While there, at the invitation of Admiral Aquilino, she will speak at the Chiefs of Defense Conference about underpinning U.S. engagement in the region based on defense, diplomacy, and development – our 3D concept, the three legs of the stool for U.S. foreign policy and national security engagement in the Indo-Pacific.   

Critically and importantly, Administrator Power will also open USAID’s regional mission in Fiji, and we’ll be doing that ahead of the schedule promised by President Biden at last year’s Pacific Islands summit.  This new regional mission will cover nine Pacific Island nations so that we can work even more closely with our Pacific Island partners and neighbors to be a positive and constructive partner in the region and in the lives of Pacific Islands – Pacific Islanders.   

I will be accompanying the administrator on this trip, and we are thrilled to be in the region and to have the opportunity to listen to our partners and to discover how we can more effectively deliver on the priorities set by the Pacific Islanders.  

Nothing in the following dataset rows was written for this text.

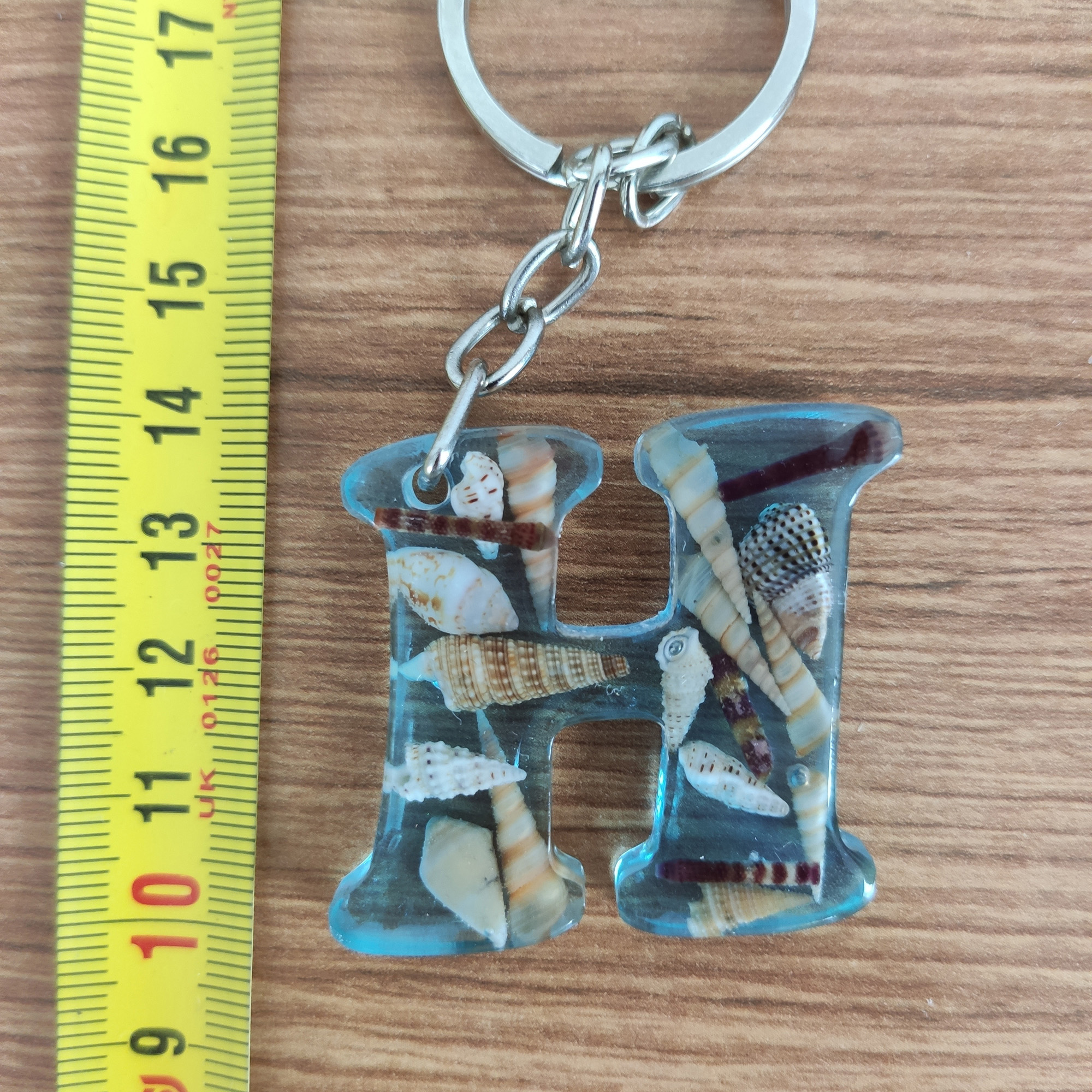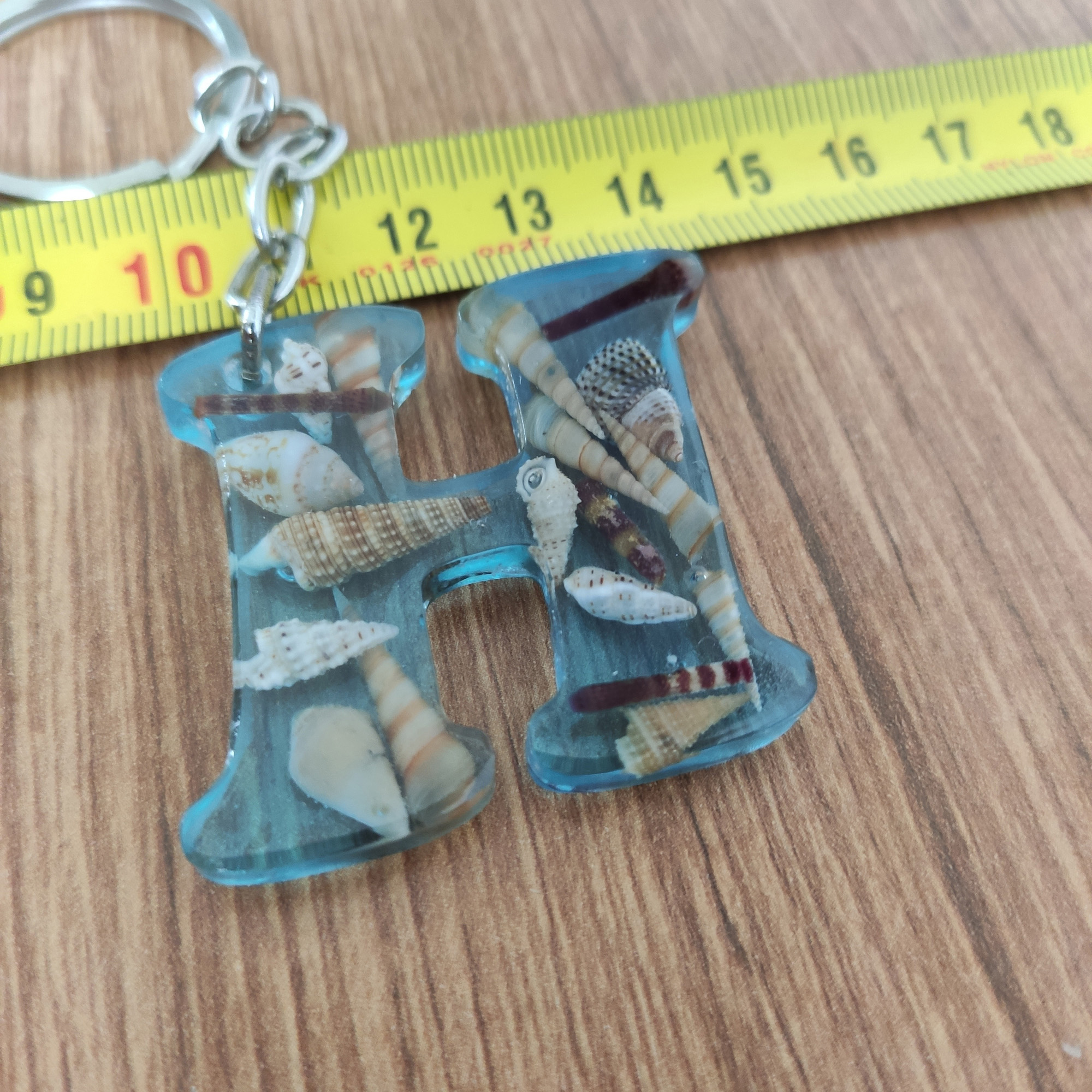 Bu seri, açık mavi pigmentle renklendirilmiş UV dirençli epoksi içinde gerçek minyatür deniz kabukları ve ince sahil kumu kullanılarak tek tek elde üretilir. Her harf dökümden önce kompozisyon olarak hazırlanır; kabarcık kontrolü yapılarak dökülür, kürünü tamamladıktan sonra ıslak zımpara → parlatma aşamalarından geçer. Sonuç; cam berraklığında, pürüzsüz ve sağlam bir sahil temalı anahtarlık.
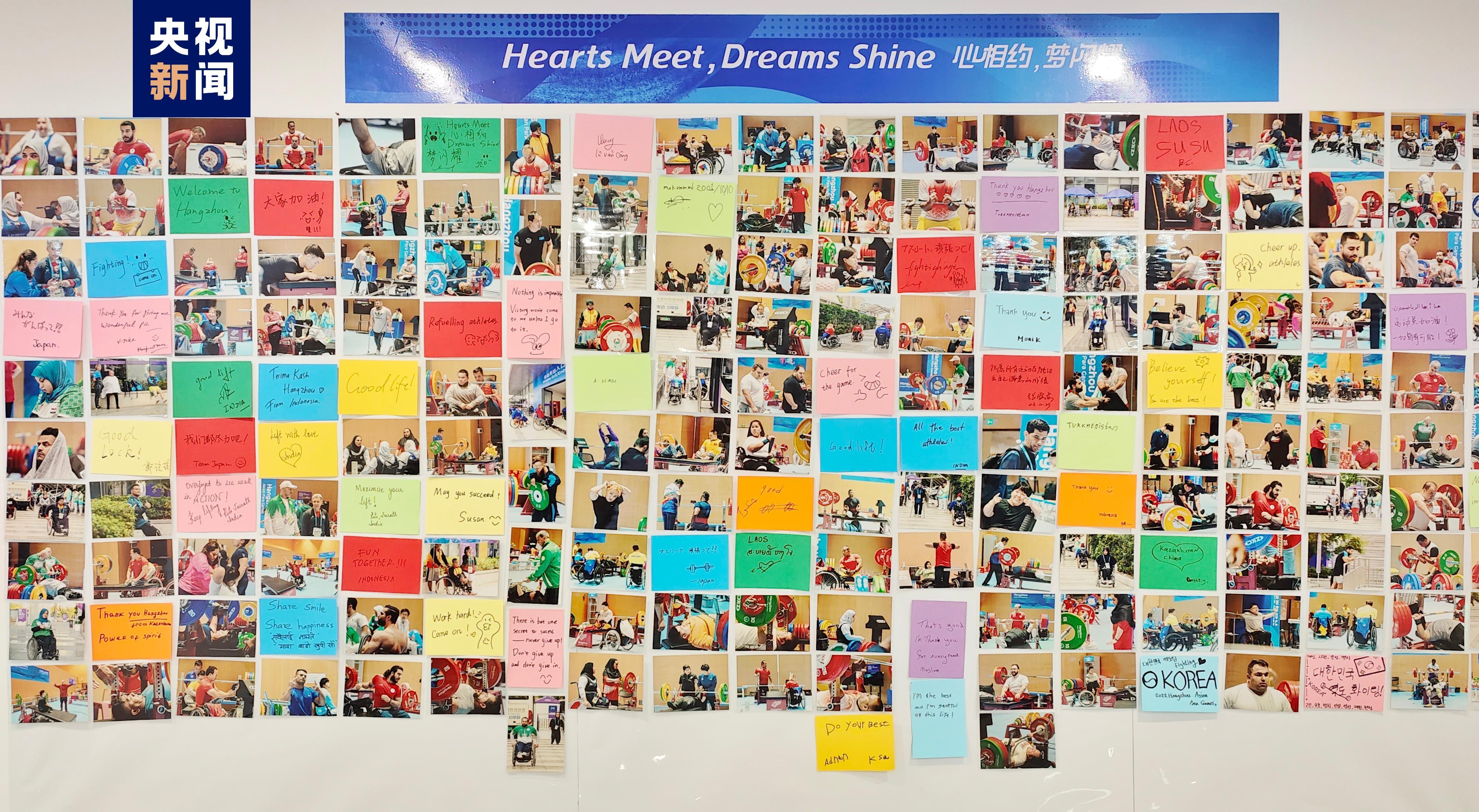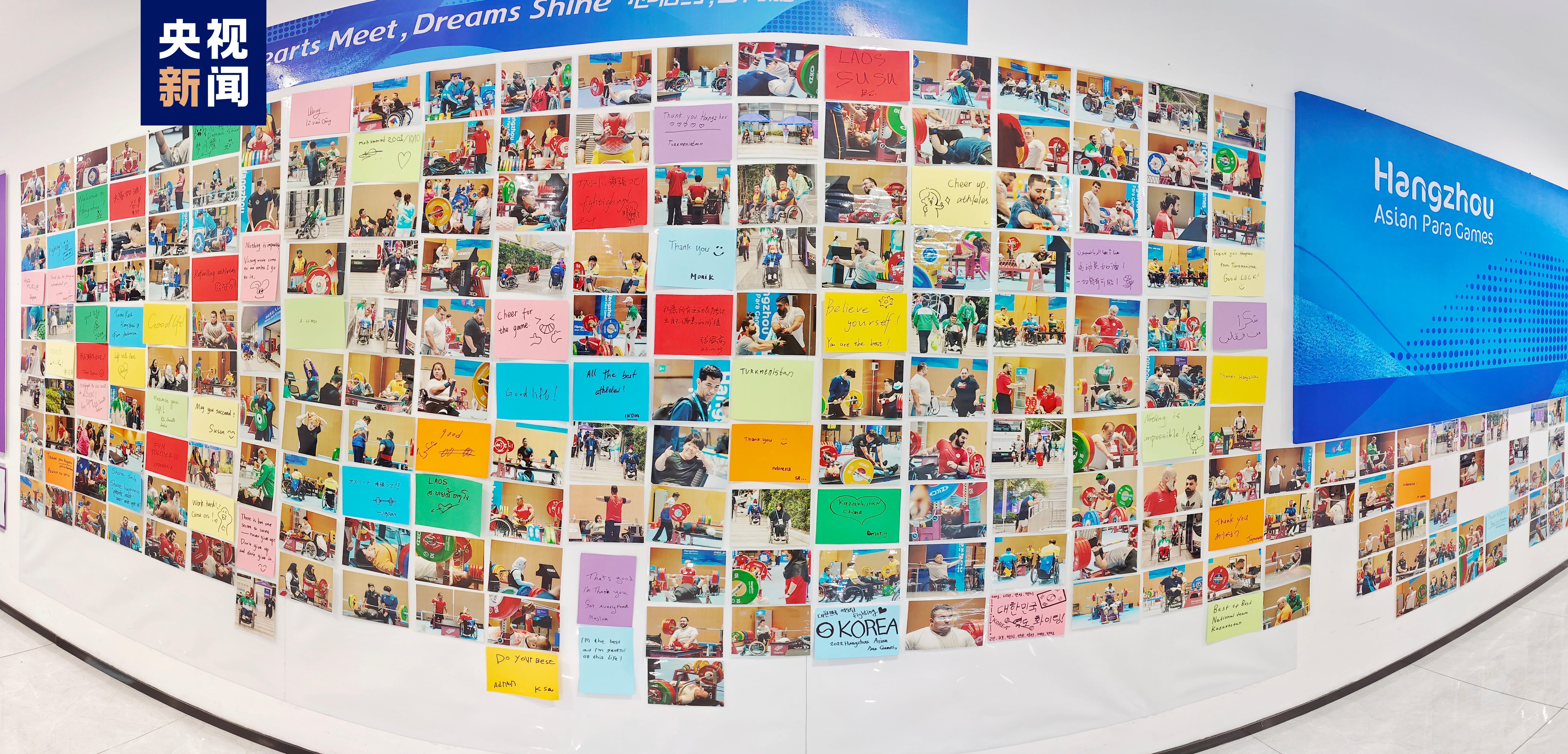 照片墙定格了100多位运动员在杭州亚残运会上训练时的场景,也鼓励他们在比赛中能取得好成绩。
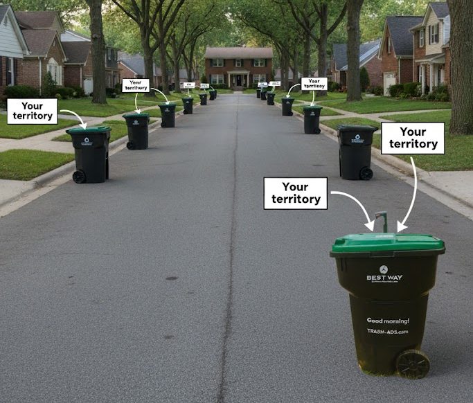 Reach homes with repeat, physical impressions. TrashAds maps carts to households, targets neighborhoods, and delivers qualified impressions at a fraction of other media costs.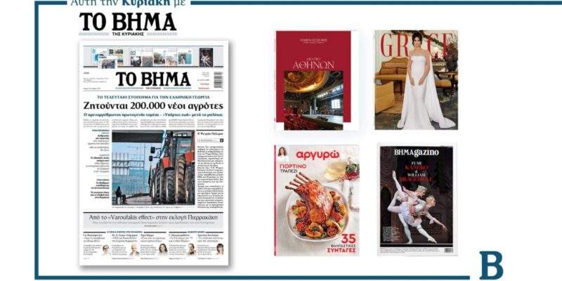 Το τελευταίο στοίχημα για την ελληνική γεωργία – Μαζί με το Βήμα της Κυριακής: Οι Μεγάλες Σκηνές με αφιέρωμα στο Θέατρο Αθηνών, το εορταστικό τεύχος GRACE, η Αργυρώ με 35 φανταστικές συνταγές για το γιορτινό τραπέζι, και ΒΗΜΑGAZINO.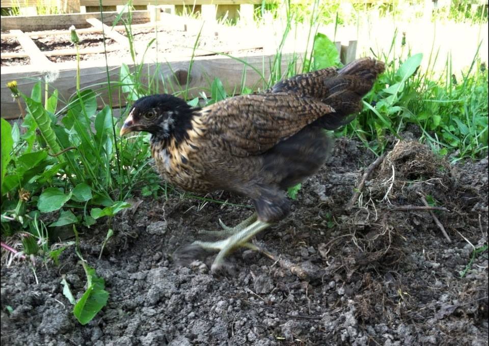 Clara our hawk... err Easter Egger at 6 weeks. She's so big and she may be at the top of the pecking order, she never challenges anyone and when anyone challenges her she simply flared her neck feathers, puffs up and/or raises her shoulders ever so slightly and the back down. No dancing, hopping or raising heads higher necessary.

As the 2050 Strategy for the Blue Pacific put it, a resilient Pacific region of peace, harmony, security, social inclusion, and prosperity that ensures all Pacific peoples can lead free, healthy, and productive lives is the goal that we share with our partners in the Pacific.  

Thank you, and with that, we look forward to answering your questions. 

MODERATOR:  Thank you, Assistant Administrator Schiffer.  We will now turn to the question-and-answer portion of today’s briefing.   

Our first question was received in advance from Kirsty Needham of Reuters, based in Sydney, Australia, who asks:  “Can you update us on USAID to the Solomon Islands?  Recently, Ambassador Caroline Kennedy said in a TV interview that the U.S. had offered to provide hundreds of millions for infrastructure funding, but was waiting for approval from Solomon Islands Government.”  Over to you. 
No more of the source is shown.